La Cassazione ha condannato definitivamente all’ergastolo i quattro boss di Cosa Nostra accusati di aver fatto parte dell’organizzazione della strage di Capaci dove il 23 maggio del 1992 persero la vita giudice Giovanni Falcone, la moglie e i tre agenti della scorta. I condannati sono Salvatore Madonia, Giorgio Pizzo, Cosimo Lo Nigro e Lorenzo Tinnirello. Assolto in maniera definitiva invece Vittorio Tutino.
Respinti quindi tutti i ricorsi della difesa, ma resta il dubbio sull’assoluzione di Tutino soprattutto da parte della Procura della Cassazione rappresentata dalla Pg Delia Cardia che ha sempre sostenuto dopo la prima sentenza di “esserci stata una caduta totale di logicità nel metodo utilizzato, si è seguito un percorso tutto di facciata”. Il giudice Cardia sottolinea di come ci sia stata “una omessa valutazione di materiali decisivi e probatori sull’attivismo di Tutino anche nella strage di Milano. Le sentenze di Firenze dimostrano la probabile partecipazione a tutti gli attentati, data la caratura del personaggio, uomo di fiducia di Graviano”.

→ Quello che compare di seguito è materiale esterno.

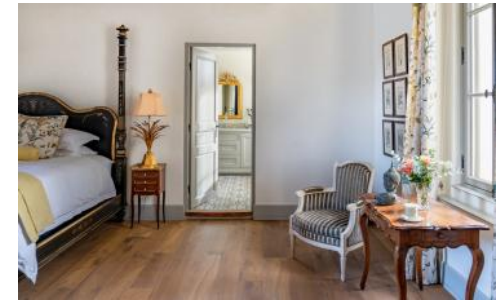
Views to garden
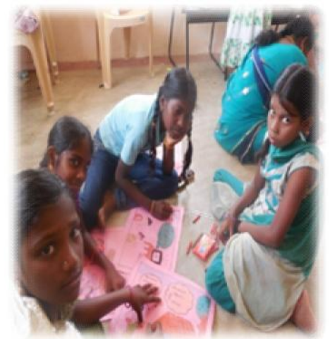
Children at Child Activity Centre, Mailam block
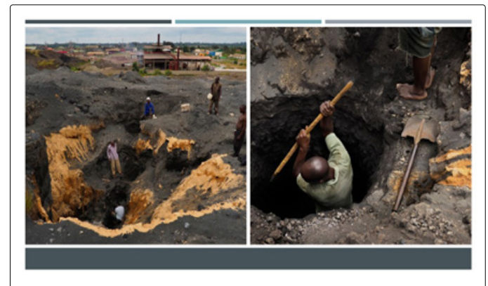
Figure 3: Illegal mining at Black Mountain.

Many residents in desperate need of income, up to now illegally mine the black mountain without professional tools, protective outfit and usually barefooted, as depicted in Figure 3. Artisanal miners sell the salvaged lead metal to the nearby Chinese Company, SuperDeal Investment Limited, which runs a furnace to process manganese ore (editor) [23]. The recovered metal at such a high risk fetches a meager US$0.25 for 25kg of zinc compared with $1.25 for the same quantity of coal (The New Humanitarian). Even worse, youths with little employment alternatives are also engaged in this activity to eke out a living or support their families with little or no income.
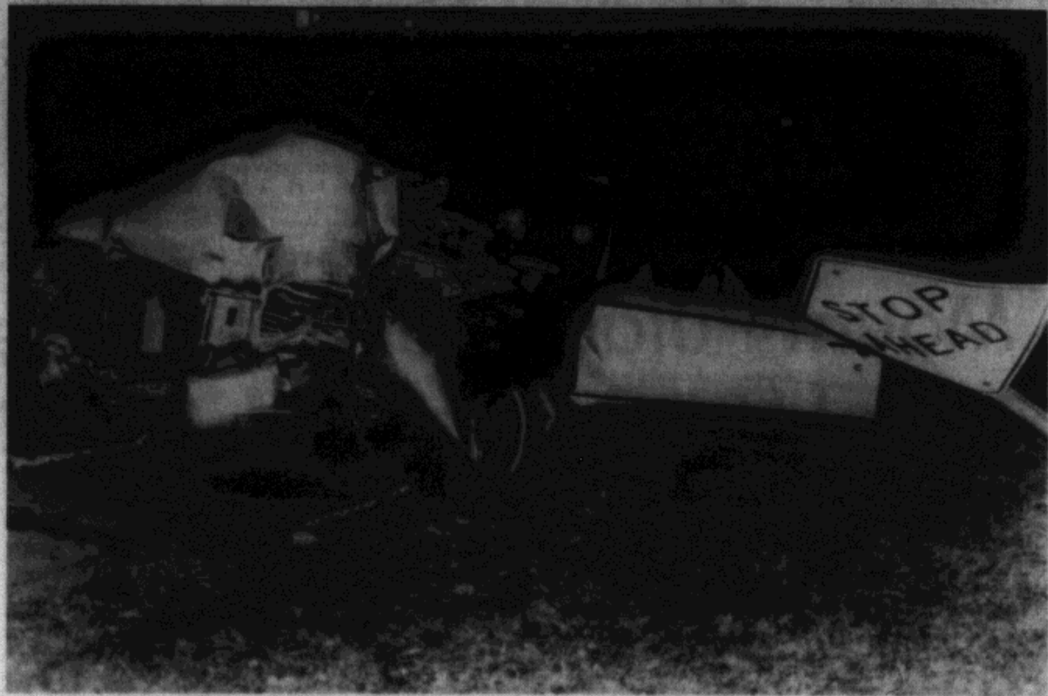
FATALITY — A one car accident in the 1800 block of Broadway Street killed a Lincoln woman Friday evening. Lincoln police are still investigating the accident and a scuffle with police which occurred with bystanders at the scene of
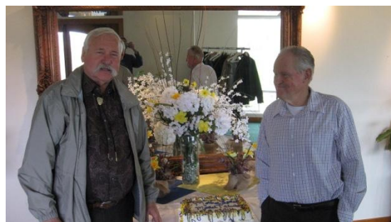
Solving the world's problems
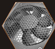
120mm Double Ball Bearing Cooling Fan
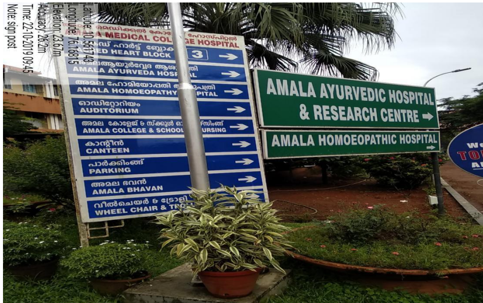
Sign post outside the college building
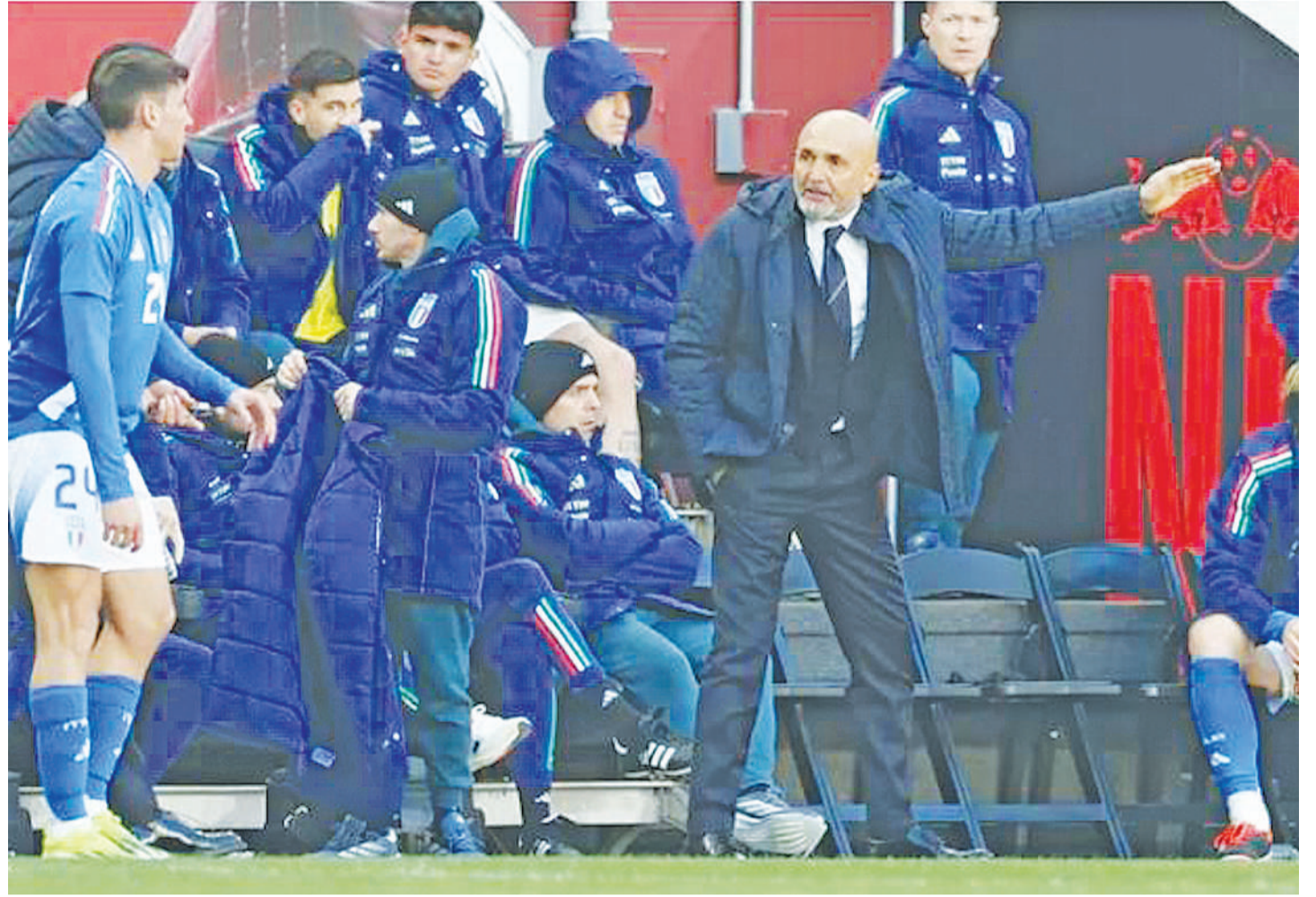
Italy will attempt to win back-to-back Euros, this time under the guidance of Luciano Spalletti.

incentives, new blood, people who are willing to put themselves forward and show what they're made of," said Spalletti on Monday.

Per il Pg Cardia si dovrebbe fare un nuovo processo a Tutino, ma la Cassazione ormai ha deciso per l’assoluzione definitiva.
“La sentenza della Cassazione, che conferma l’imponente lavoro investigativo fatto dalla Procura coordinata da Sergio Lari e le condanne inflitte dai giudici di Caltanissetta ai boss Salvatore Madonia, Lorenzo Tinnirello, Giorgio Pizzo e Cosimo Lo Nigro, accerta pienamente le responsabilità di Cosa nostra nella fase esecutiva della strage di Capaci, sancendo in via definitiva il ruolo del mandamento mafioso di Brancaccio”. Queste le parole di Maria Falcone, sorella del giudice Giovanni, a commento della sentenza della Cassazione.
“Questo verdetto – ha aggiunto Maria Falcone – apre allo scenario della convergenza di interessi nell’attentato, prospettato nella sentenza della Corte d’Assise, sulla base di due elementi accertati dai magistrati: il “sondaggio” che, ha raccontato il pentito Giuffrè, venne fatto da cosa nostra presso ambienti politici e imprenditoriali prima dell’attentato e il diktat di Riina che, a marzo del 1992, disse ai suoi di fermare la missione romana che avrebbe dovuto eliminare Giovanni Falcone perché a Palermo “c’erano cose più importanti da fare”. Elementi che fanno pensare appunto a una convergenza di ambienti esterni alla mafia nell’interesse ad uccidere Giovanni”. L’obiettivo adesso è che “su questa strada si possa fare piena chiarezza sia sulla strage di Capaci che su quella di Via D’Amelio che tanti punti oscuri ancora presenta”.